A word-for-word copy of the entries, with images excluded, is the expected answer.

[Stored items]
▼
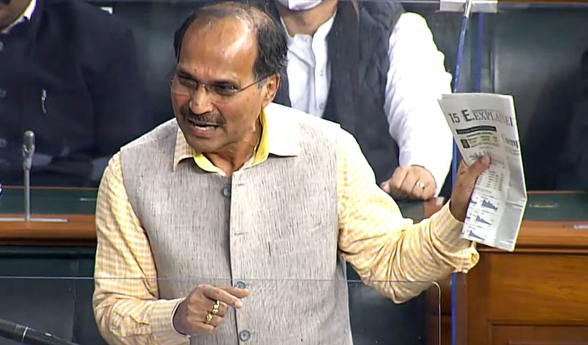 कांग्रेस नेता अधीर रंजन चौधरी ने पश्चिम बंगाल में अनुच्छेद 355 लागू करने के लिए राष्ट्रपति को पत्र लिखा
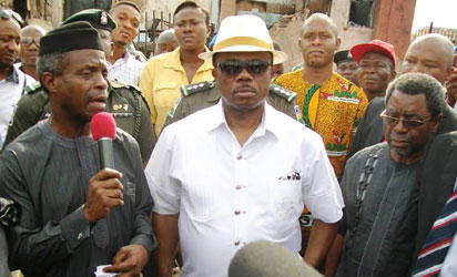 ce President, Prof. Yomi Osinbajo flanked by Gov. Willie Obiano, while addressing journalists at the scene of petroleum tanker accident, Where 69 people were killed on Sunday, at Upper Iweka, Onitsha, Thursday..
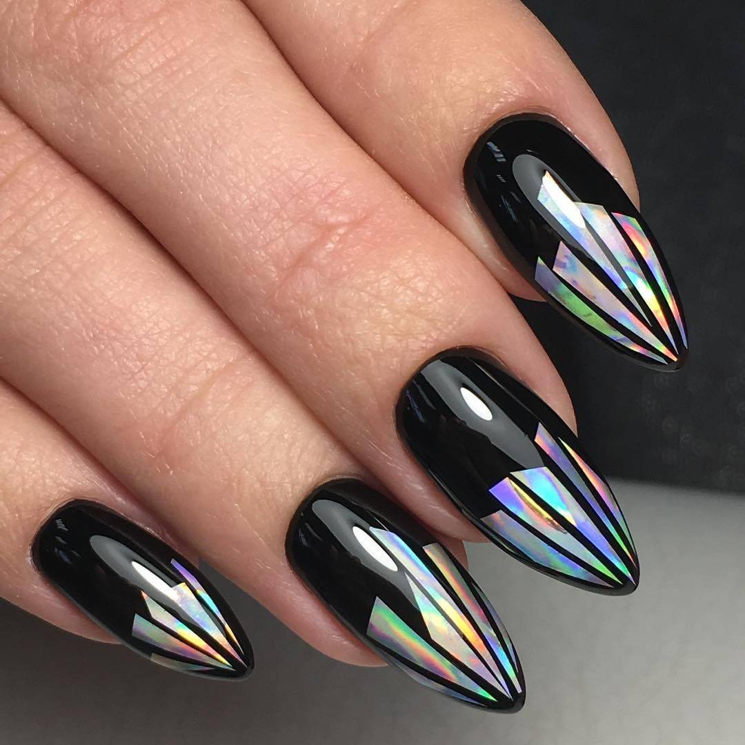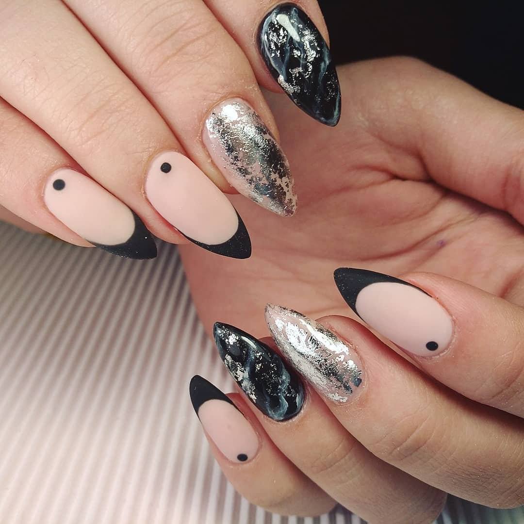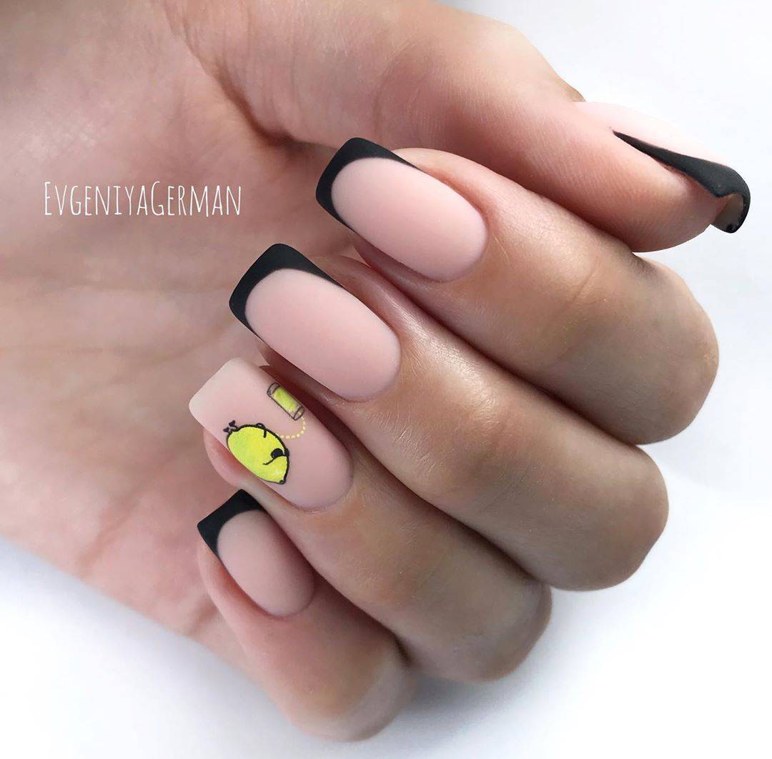 В 2022 году вместо белого используйте черный лак для ногтей, а точнее для кончиков французского маникюра. Вы также можете добавить к нему блестки, фольгу или дизайн, чтобы сделать его еще эффектнее. Выглядит такой маникюр просто потрясающие, взгляните на фото!
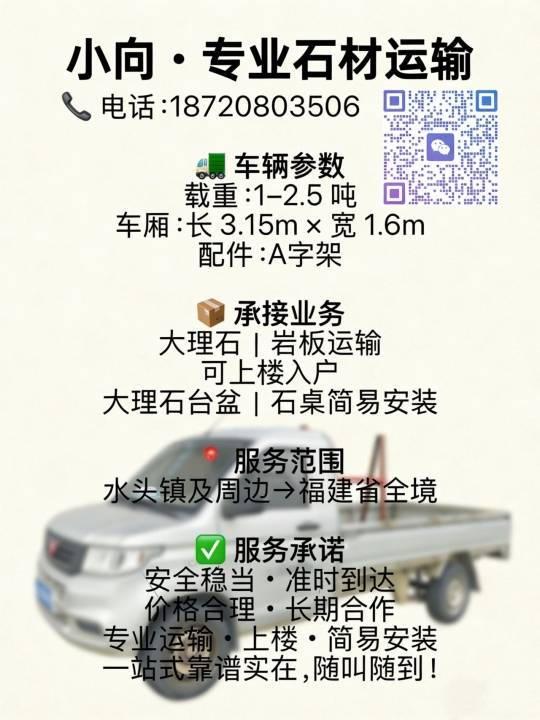 小向・专业石材运输‼️可包入户安装 电话:*****3506 微信同号 车辆参数...
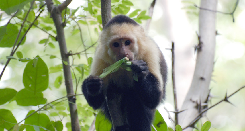 The researchers chose to follow a type of capuchin monkey known as Cebus capucinus. The reason: They already knew these monkeys were adept at finding bugs.
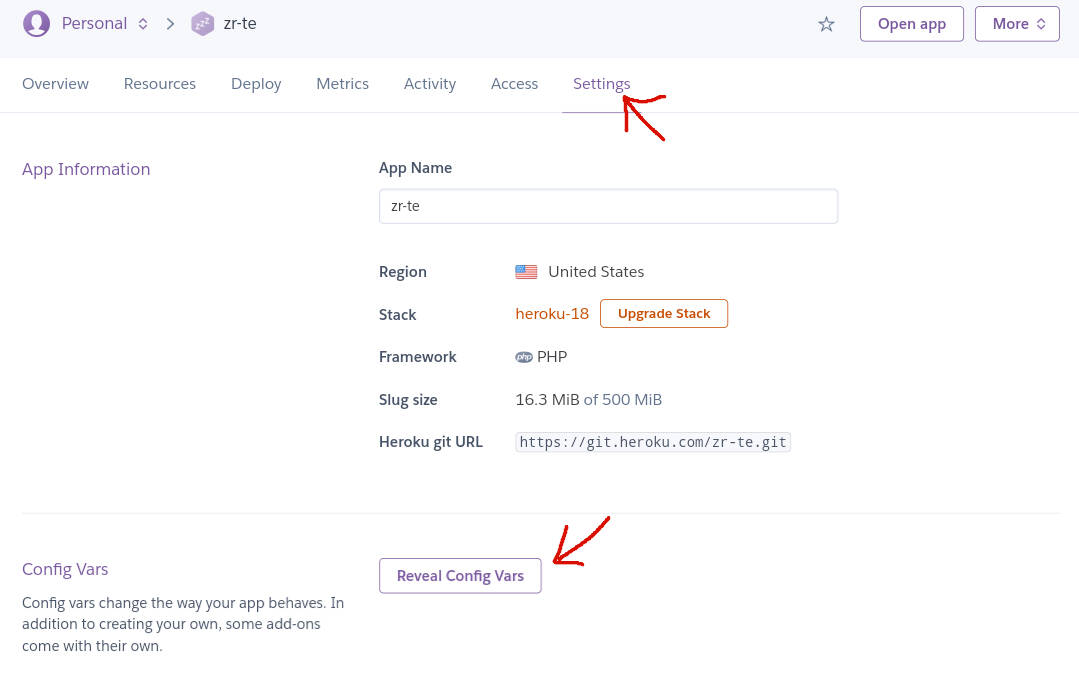 添加完 MySQL/PgSQ L后,前往Heroku管理面板,找到刚才新建的应用,点击导航栏中的 Settings,找到 Config Vars 项,点击 Reveal Config Vars
▲
» **Response**
 कांग्रेस नेता अधीर रंजन चौधरी ने पश्चिम बंगाल में अनुच्छेद 355 लागू करने के लिए राष्ट्रपति को पत्र लिखा
 ce President, Prof. Yomi Osinbajo flanked by Gov. Willie Obiano, while addressing journalists at the scene of petroleum tanker accident, Where 69 people were killed on Sunday, at Upper Iweka, Onitsha, Thursday..
 В 2022 году вместо белого используйте черный лак для ногтей, а точнее для кончиков французского маникюра. Вы также можете добавить к нему блестки, фольгу или дизайн, чтобы сделать его еще эффектнее. Выглядит такой маникюр просто потрясающие, взгляните на фото!
 小向・专业石材运输‼️可包入户安装 电话:*****3506 微信同号 车辆参数...
 The researchers chose to follow a type of capuchin monkey known as Cebus capucinus. The reason: They already knew these monkeys were adept at finding bugs.
 添加完 MySQL/PgSQ L后,前往Heroku管理面板,找到刚才新建的应用,点击导航栏中的 Settings,找到 Config Vars 项,点击 Reveal Config Vars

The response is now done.